Je me suis assise sur un banc, il était gelé, tellement froid. J'eusse été assise sur la banquise que mon postérieur n'aurait pas été aussi frigorifié. "Ca raffermit les chairs", mais j'avais froid dedans et ça, aucun chauffage d'appoint n'y pouvait rien.
Je me suis assise sur un banc, et j'ai repensé à elle. J'ai tenté de me souvenir de ses dernières paroles, tout se brouillait dans ma tête. J'ai fermé les yeux priant qu'en les ouvrant Spock m'aurait téléporté là où elle n'aurait pas fait ça.
Je me suis assise sur un banc, plus rien ne serait comme avant, dans mon immobilité, je savais pourtant qu'une nouvelle vie s'était déjà mise en marche. Statufiée par la douleur d'une fille à qui on arrache le coeur je regardai au loin la terre battue où mon père s'était effondré. Me laissant à jamais privée de son rire et de son amour.
Je me suis assise sur un banc, seule, comme toujours, comme avant, le monde, la vie tournait autour de moi à me donner des vertiges. Immobile dans le tourbillon de mes pensées je me demandais ce que je faisais là.
Je me suis assise sur un banc, j'ai allumé une cigarette, sorti un livre, lu quelques phrases. Je ne parvenais pas à trouver un intérêt à suivre ligne après ligne la vie du personnage héroïque de mon roman. La vraie vie m'obsédait, tout ce paquet de noeuds dont je parvenais pas à délier les fils.
Je me suis assise sur un banc, dans mes oreilles j'écoutai France Inter, l'orateur décrivait la déchirante vie de Billie Holiday, l'émission s'achevait sur les paroles de ce titre évocateur de mon état : " In my solitude, you taunt me, with memories, that never die".
Je me suis assise sur un banc, j'étais très en avance pour mon entretien, aucun café à proximité. Je potassai avant le moment fatidique d'aller encore servir sur un plateau le menu détail de mes compétences. J'étais si lasse par avance, j'enfilai mon masque, et me levai pour le combat.
Je me suis assise sur un banc, il n'était pas stable, bancal comme moi. Je n'ai pas cherché à lui mettre une cale, j'ai joué de son déséquilibre pour me bercer.
Je me suis assise sur un banc, j'ai repensé à ce chien qui venait chaque jour au port attendre son maître qui, perdu en mer ne reviendrait jamais. Ce chien dont la fidélité avait valu une statue de pierre. Et moi ? Si je restai là ? Aurai-je droit à mon double de granit ?

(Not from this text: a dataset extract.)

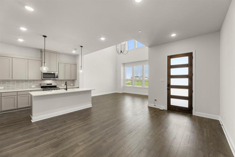 - KitchenTwo-Story Great RoomDining RoomFamily RoomOpen Concept FloorplanPrimary Bedroom Upstairs

Je me suis assise sur un banc, mon corps recroquevillé pour prendre le moins de place possible, je voulais être petite, surtout ne pas déranger, laisser de la place, beaucoup de place aux autres, quitte à être inconfortable.
Je me suis assise sur un banc et l'autre moi s'est levée, elle m'a hurlé : bouge-toi, vis, laisse les partir, cours, crie, jouis, danse, aime, sois !

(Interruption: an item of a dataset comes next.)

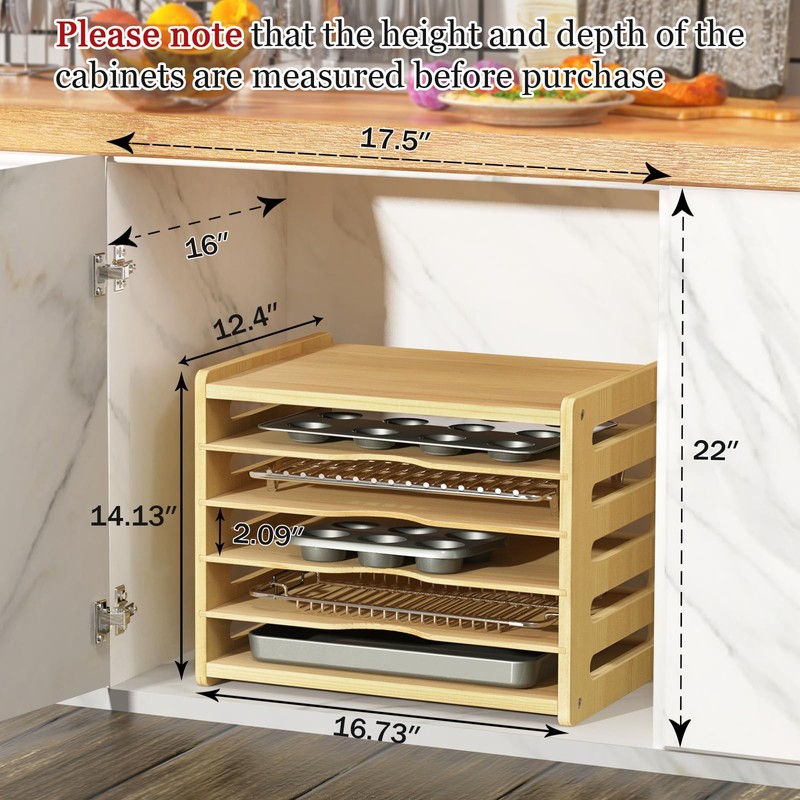 sandpaint 6 Tier Wooden Cabinet Tray Dividers, Kitchen Vertical Tray Divider Organizer, Storing pans, Baking trays, Cutting Board

L'autre est montée sur le banc à hurlé plusieurs fois, sa haine, sa douleur, sa tristesse, sa honte, ses cris brûlaient les tympans.

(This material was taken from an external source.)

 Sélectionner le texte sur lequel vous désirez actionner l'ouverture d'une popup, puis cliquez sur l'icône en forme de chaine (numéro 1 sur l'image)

L'autre me faisait-elle honte ? Qui était-elle vraiment ?
Debout sur le banc, elle s'est mis à chanter, à jouer, à rire, à se montrer plus vivante et heureuse que je ne l'avais jamais été.
L'autre déployait humour et joie, flamboyait, et je me trouvais là assise sur un banc ne sachant pas comment transformer cet autre qui m'irait parait-il comme un gant.
Je me levai du banc, ancrée dans le présent, il me fallait aller de l'avant, quitter l'immobilité et suivre un nouveau chemin, une nouvelle allée, et ce pleine d'allant.